• _Supplied data_
□ □ □
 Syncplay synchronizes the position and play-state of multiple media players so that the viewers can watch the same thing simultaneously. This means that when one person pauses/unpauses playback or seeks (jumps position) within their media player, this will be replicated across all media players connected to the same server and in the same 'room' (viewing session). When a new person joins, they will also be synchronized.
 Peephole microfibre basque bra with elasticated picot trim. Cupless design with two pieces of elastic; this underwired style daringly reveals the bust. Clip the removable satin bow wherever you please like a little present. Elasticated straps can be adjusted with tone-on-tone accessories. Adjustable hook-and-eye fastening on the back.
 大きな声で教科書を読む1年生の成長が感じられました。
□ □ □
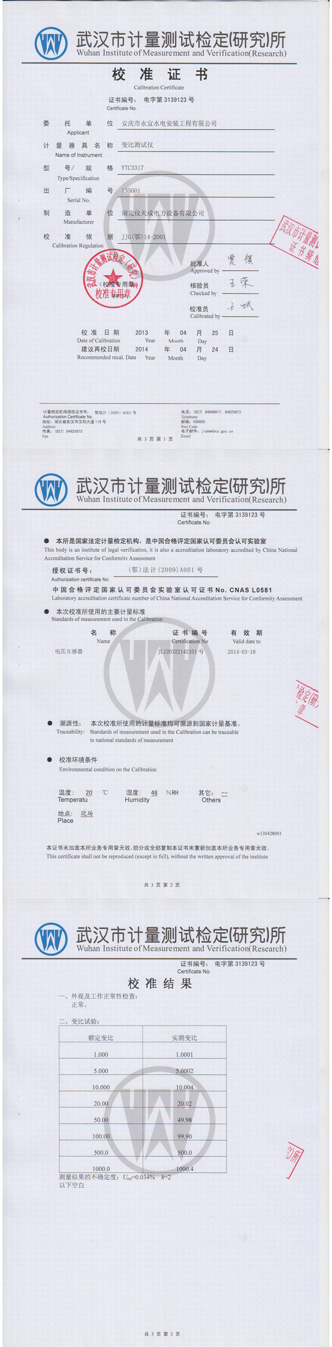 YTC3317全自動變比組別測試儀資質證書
□ □ □
• _Description of the task_
From the data above, reproduce word for word the lines running from the line with "Syncplay synchronizes the" to the line with "大きな声で教科書を読む1年生の成長が感じられました。", ends included.

• _Reply to the task_
 Syncplay synchronizes the position and play-state of multiple media players so that the viewers can watch the same thing simultaneously. This means that when one person pauses/unpauses playback or seeks (jumps position) within their media player, this will be replicated across all media players connected to the same server and in the same 'room' (viewing session). When a new person joins, they will also be synchronized.
 Peephole microfibre basque bra with elasticated picot trim. Cupless design with two pieces of elastic; this underwired style daringly reveals the bust. Clip the removable satin bow wherever you please like a little present. Elasticated straps can be adjusted with tone-on-tone accessories. Adjustable hook-and-eye fastening on the back.
 大きな声で教科書を読む1年生の成長が感じられました。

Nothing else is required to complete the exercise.